● PROMPT: Print the listing below a second time, exactly, and omit its images.

╭─ RAW DATA

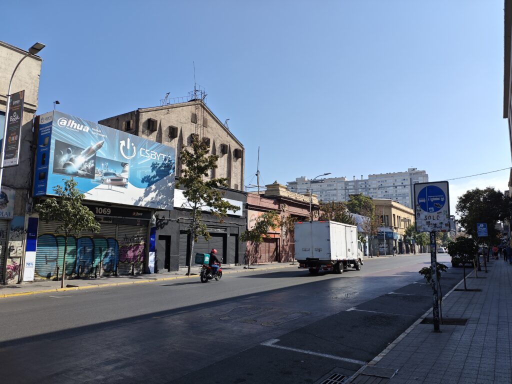 アルマス広場をぐるっと回った後はサンティアゴの電気街を調査しに行きました。サンティアゴの電気街はサンディエゴ通り(ややこしい!)沿いにあります。地下鉄3号線のParque Almagro(アルマグロ公園)駅まで移動し、そこから歩いて向かいました。ちなみに、電気街だけを見るのであればアルマス広場駅から見てもう一つ先のMatta駅まで移動して戻るような感じの方が近いかもしれません。
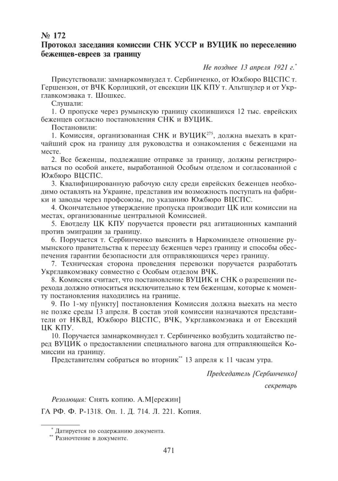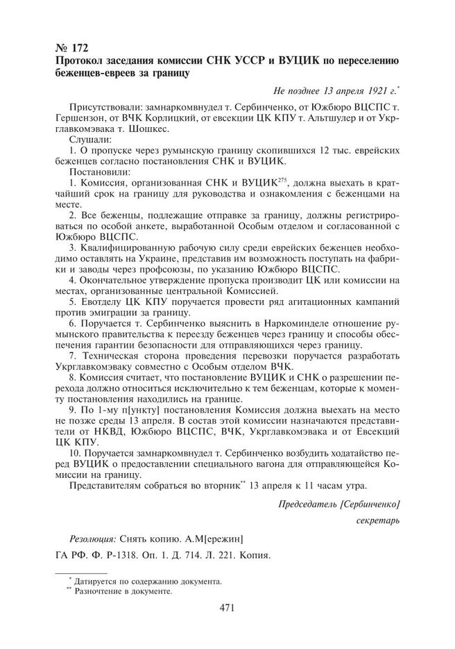 Протокол заседания комиссии СНК УССР и ВУЦИК по переселению беженцев-евреев за границу. Не позднее 13 апреля 1921 г. // ГА РФ. Ф. Р-1318. Оп. 1. Д. 714. Л. 221. Копия.
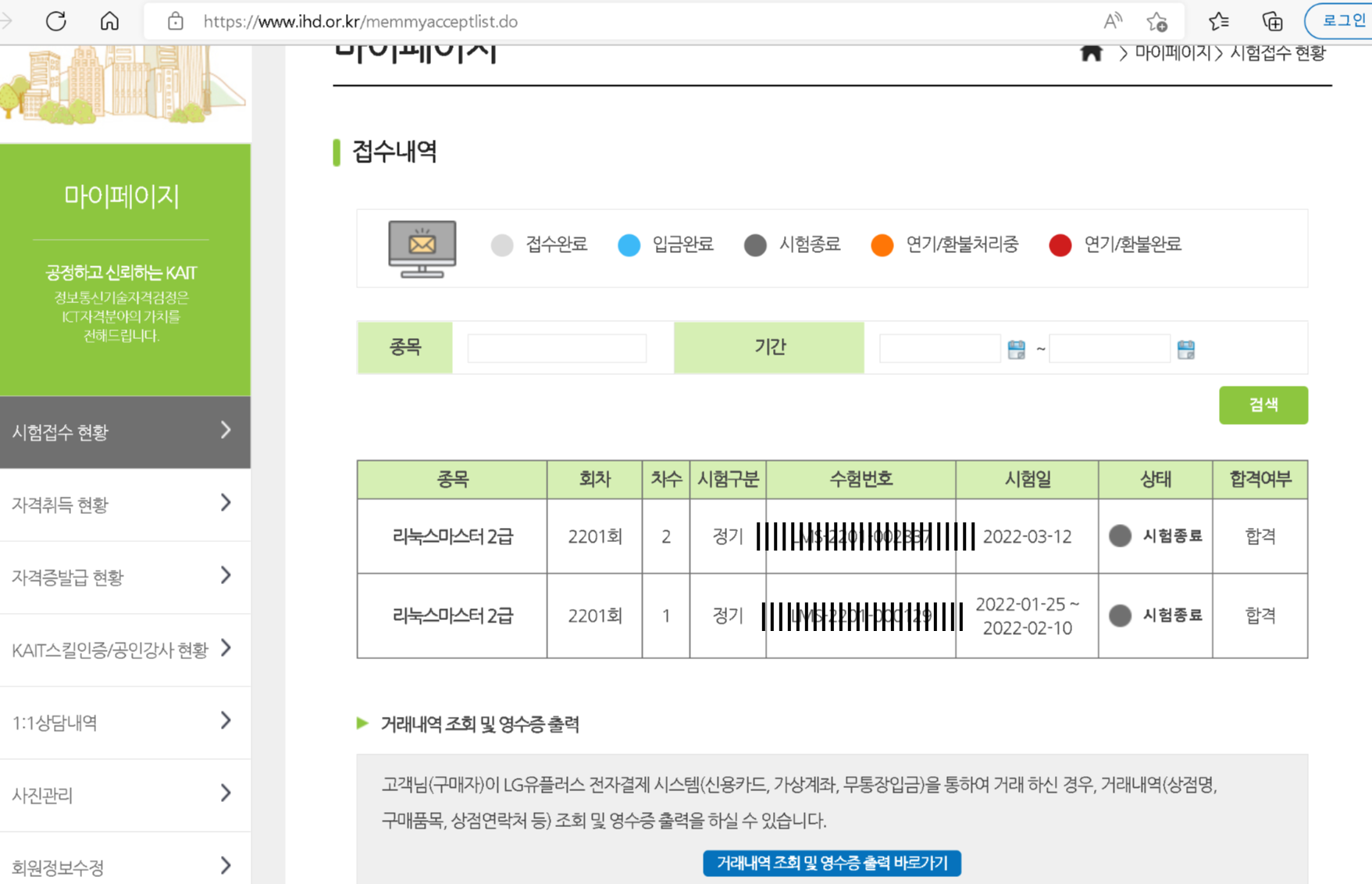 2022년 3월 12일 시행된 리눅스마스터 2급 2차 필기시험에 합격했습니다.
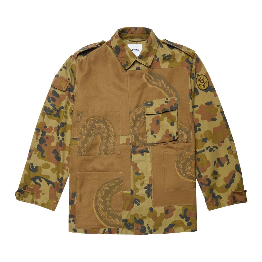 Vintage military uniform Jacket. Poplin patches are printed and then applied. Patch finishing with low and tight overlock.

╰─

● SOLUTION BELOW:
 アルマス広場をぐるっと回った後はサンティアゴの電気街を調査しに行きました。サンティアゴの電気街はサンディエゴ通り(ややこしい!)沿いにあります。地下鉄3号線のParque Almagro(アルマグロ公園)駅まで移動し、そこから歩いて向かいました。ちなみに、電気街だけを見るのであればアルマス広場駅から見てもう一つ先のMatta駅まで移動して戻るような感じの方が近いかもしれません。
 Протокол заседания комиссии СНК УССР и ВУЦИК по переселению беженцев-евреев за границу. Не позднее 13 апреля 1921 г. // ГА РФ. Ф. Р-1318. Оп. 1. Д. 714. Л. 221. Копия.
 2022년 3월 12일 시행된 리눅스마스터 2급 2차 필기시험에 합격했습니다.
 Vintage military uniform Jacket. Poplin patches are printed and then applied. Patch finishing with low and tight overlock.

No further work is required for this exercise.